NVIDIA already knows the consumer realises the present video-cards don't really don't bottleneck with 8 PCI-E lanes, and that 750i SLI is not only inexpensive but a very smart option for users not willing to spend >$180 on a board.

So they come up with "750i won't overclock like 780i which in turn won't, like 790i". But I'd say 750i SLI is a very nice option for a board, though you get 8 lanes per card in SLI, they're PCI-E 2.0 so it's the same as 16 PCI-E 1.1 lanes.


----------



## Tatty_One (Mar 23, 2008)

btarunr said:


> NVIDIA already knows the consumer realises the present video-cards don't really don't bottleneck with 8 PCI-E lanes, and that 750i SLI is not only inexpensive but a very smart option for users not willing to spend >$180 on a board.
> 
> So they come up with "750i won't overclock like 780i which in turn won't, like 790i". But I'd say 750i SLI is a very nice option for a board, though you get 8 lanes per card in SLI, they're PCI-E 2.0 so it's the same as 16 PCI-E 1.1 lanes.

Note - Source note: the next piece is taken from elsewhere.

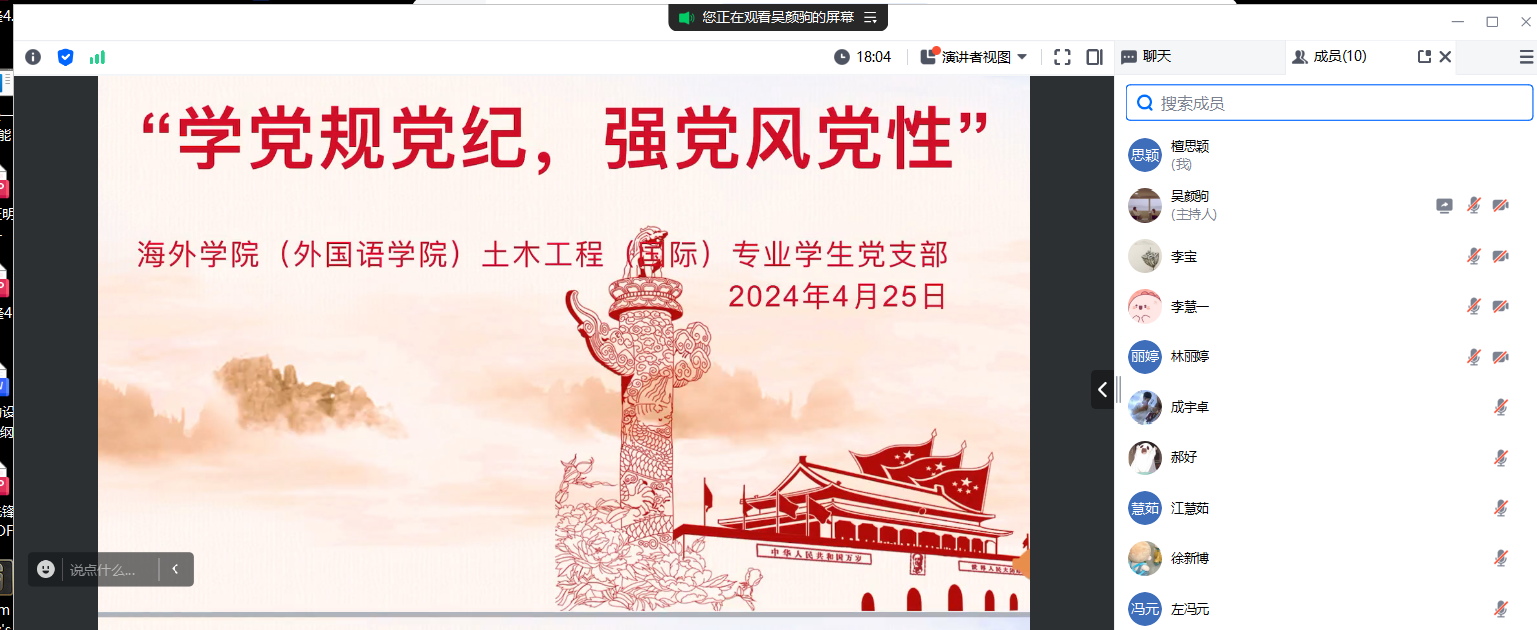 为进一步加强党纪学习教育,激励党员坚定理想信念,4月25日晚,土木工程(国际)专业员工党支部于鸿文楼(二)C107开展了学党规党纪,强党风党性主题活动,会议开始支部书记李宝带领全体与会党员对学习强国学习平台中党纪学习教育篇进行学习,并观看《百年“纪”忆》教育视频。

Agreed, however the 750i chipset seems to overclock better than the 780i (ceretainly in MSI's case), I have researched the chipsets in some detail as I am just about to go SLi and there is no performance difference between the 16 x 16 over the 8 x 8 with  PCI-E 2.0 on current gen cards as you have said, ATM the only reason to go 780i from  what I have seen is if you want to go tri SLi, I think I am going to get the MSI 750i Platinum.


----------



## PaulieG (Mar 23, 2008)

I've thuoght about a 750i board, but I keep hearing that they are NOT good for overclocking Quads. Can anyone give some insight on this?


----------



## Tatty_One (Mar 23, 2008)

Paulieg said:


> I've thuoght about a 750i board, but I keep hearing that they are NOT good for overclocking Quads. Can anyone give some insight on this?

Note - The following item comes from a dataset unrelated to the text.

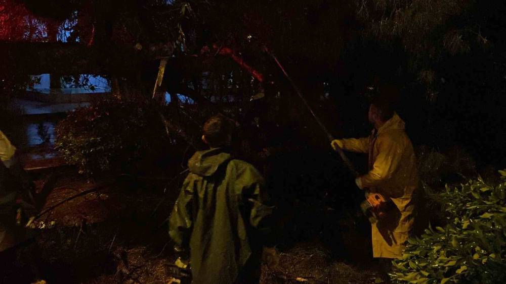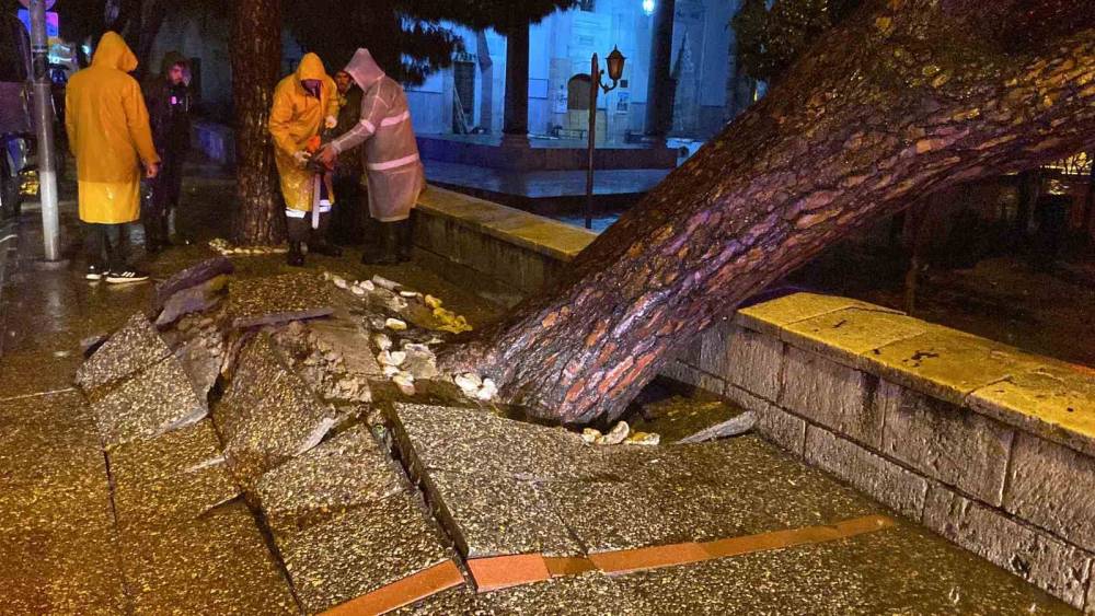 Aydın’ın Efeler ilçesi kent merkezinde Bey Camii önündeki kaldırımda bulunan çam ağacı gün boyu etkili olan sağanak yağmur nedeniyle devrilirken, gece saatlerinde yolun boş olması muhtemel bir facianın önüne geçti.

I can only speak from the MSI 750i Platinum perspective and not all 750's but mefinks the MSI is probably the best of the bunch and it certainly does not suffer from Quad problems, in fact it beats some pretty impressive intel rivals in the quad overclocking department, it actually beat the x38 Maximus formula!  Not quite so good on High FSB's so IMO you need at least an 8.5 multi to get the most out of the board/chip but with the Xeon/Kentsfield 9 multi.....no worries.....take a look here:

http://www.overclock3d.net/reviews.php?/cpu_mainboard/msi_p7n_sli_platinum_750i_based_motherboard/5

Then read the rest of the review, the board does have it's weaknesses but I think you will agree, not bad at all!


----------



## trt740 (Mar 23, 2008)

Tatty_One said:


> I can only speak from the MSI 750i Platinum perspective and not all 750's but mefinks the MSI is probably the best of the bunch and it certainly does not suffer from Quad problems, in fact it beats some pretty impressive intel rivals in the quad overclocking department, it actually beat the x38 Maximus formula!  Not quite so good on High FSB's so IMO you need at least an 8.5 multi to get the most out of the board/chip but with the Xeon/Kentsfield 9 multi.....no worries.....take a look here:
> 
> http://www.overclock3d.net/reviews.php?/cpu_mainboard/msi_p7n_sli_platinum_750i_based_motherboard/5
> 
> Then read the rest of the review, the board does have it's weaknesses but I think you will agree, not bad at all!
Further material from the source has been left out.